Ele integra o conjunto de políticas sociais do governo federal e sua caracterização atual está definida na lei 7998/90, sendo citado na Constituição no artigo 239 das Disposições Gerais. Na prática, ele funciona como uma espécie de “décimo quarto salário” para quem ganha um SM e como uma fração de um décimo quarto salário para quem recebe entre um e dois SM.

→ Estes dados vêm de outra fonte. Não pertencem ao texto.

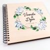 Če iščeta popoln način za shranjevanje spominov na vajin nepozabni poročni dan, je naš personaliziran poročni album prava izbira za vaju! Ta eleganten album združuje estetsko privlačnost in funkcionalnost, saj je izdelan iz trpežnih lesenih platnic, ki jih lahko prilagodimo z vajinimi imeni in datumom poroke. Na naslovnici se nahaja prelepa ilustracija cvetličnega venca, ki dodatno poudari romantično vzdušje.
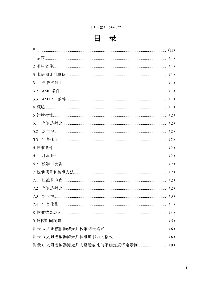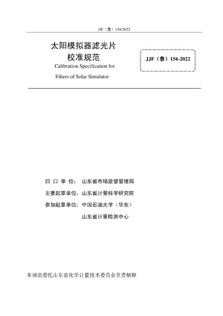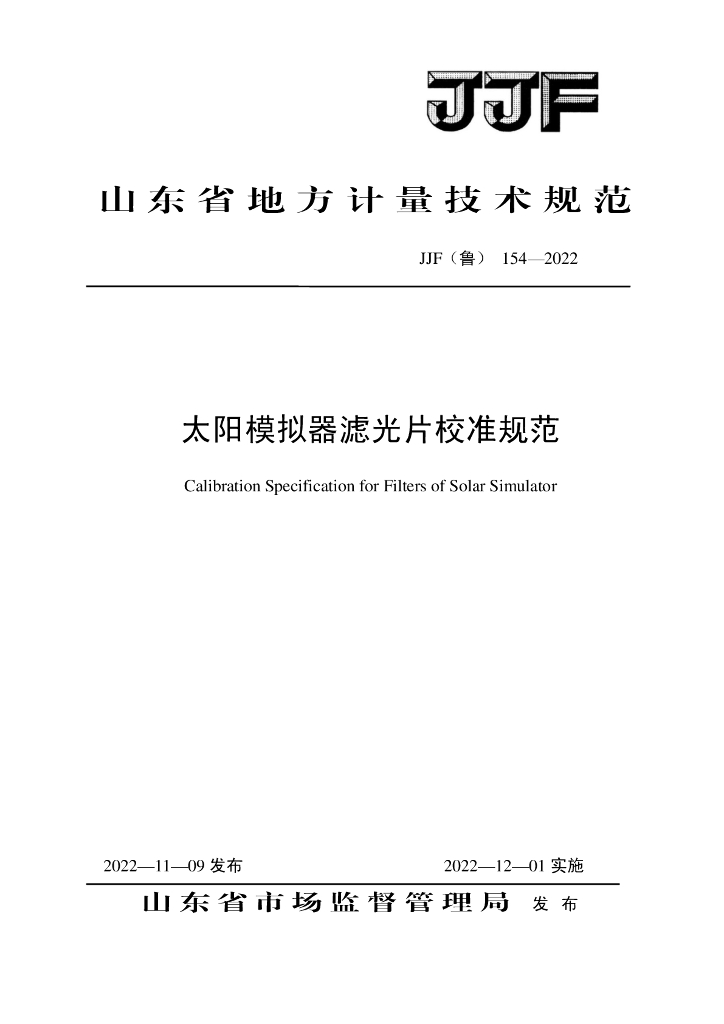 JJF(鲁)154-2022 太阳模拟器滤光片校准规范

Como milhões de pessoas recebem o
benefício, é evidente que não é preciso ser um craque em política para perceber
a importância do tema. E, obviamente, isso se presta a que o governo que
encarar o desafio de rever o benefício seja tachado de insensível,
“antipopular” e todas essas palavras simpáticas que a oposição de plantão tende
a utilizar nessas ocasiões.
O fato, porém, é que temos no Brasil o
seguinte conjunto de elementos:
i) uma regra do teto que, mesmo que for
mudada, deverá ser substituída por alguma outra regra que, provavelmente,
determine algum tipo de limitação para a despesa;
ii) uma tendência ao crescimento contínuo
da despesa do INSS, em que pese a reforma previdenciária realizada, o que pode
contribuir para comprimir o espaço das demais despesas, dada a existência de
alguma limitação para a expansão da despesa total; e
iii) em função disso, um achatamento
sistemático das despesas discricionárias, que entre 2014 e 2021 caíram nada
menos que 45 %, em termos reais, algo que obviamente não poderá ser mantido
indefinidamente, por comprometer os recursos destinados à segurança, à defesa,
a ciência e tecnologia, ao meio ambiente etc.

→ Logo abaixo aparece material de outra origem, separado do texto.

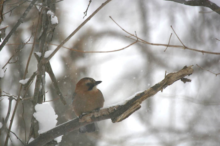 | 雪見ミヤマカケスさん。 ちょっと渋いです |

Adicionalmente, há em curso um debate sobre
a importância de definir uma política de apoio para os trabalhadores informais
que, possivelmente, poderá ensejar a criação de um novo programa social no
próximo governo, exigindo uma realocação de recursos, o que demandará
criatividade das autoridades para identificar as fontes para o financiamento do
mesmo.
Pensemos nos objetivos que os governos
perseguem quando dedicam verbas para programas sociais. Um deles é a mitigação
dos efeitos do desemprego, tema sobre o qual não precisamos nos alongar, por
obviedade.
Outro pode ser a utilização com fins de
reduzir a exclusão social, por meio de políticas assistencialistas.

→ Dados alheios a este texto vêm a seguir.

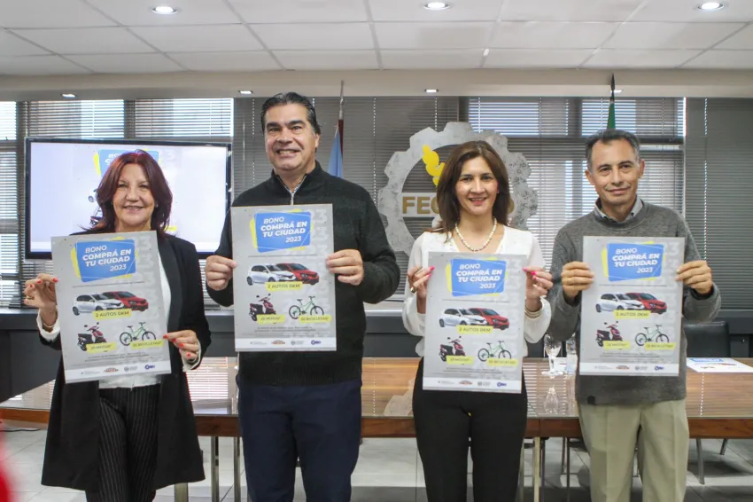 "Comprá en tu ciudad": presentaron un bono para participar de 2 autos, 25 motos y 25 bicicletas

Adicionalmente, o programa pode servir para atacar o problema da informalidade,
objetivo igualmente meritório.
Pensemos agora nos efeitos concretos do
programa do abono salarial. Ele combate o desemprego? Não, porque quem recebe o
abono está empregado. Ele combate a miséria? Não, porque quem recebe o abono
não está entre os 20 % mais pobres do país. Ele ajuda a reduzir a
informalidade? Não, porque quem recebe o benefício já está no mercado formal.
Sejamos francos: em qualquer avaliação da
eficácia dessa despesa para atingir certos objetivos sociais, o programa seria
reprovado, por qualquer critério.
Precisamos entender que comandar um país
implica liderar e, assim, expor à população as razões das políticas públicas. E
a realidade é que esse programa não mais se justifica e, pior, por conta da sua
existência, ele na prática retira recursos que poderiam ir para a saúde, a
educação e a segurança.
Eliminá-lo gradualmente deveria ser parte
integrante de um planejamento que permita aumentar as despesas em outras
rubricas nos próximos dez anos.
Por isso, e para que não haja resistências
intransponíveis, sugere-se que o programa seja reduzido linearmente ao longo de
5 anos, na proporção de 20 % do seu valor atual por ano. São em torno de R$ 20
bilhões por ano. Recursos que poderiam ser utilizados, por exemplo, em um outro
programa social, mais focalizado. Ainda voltaremos a este ponto, nesta série.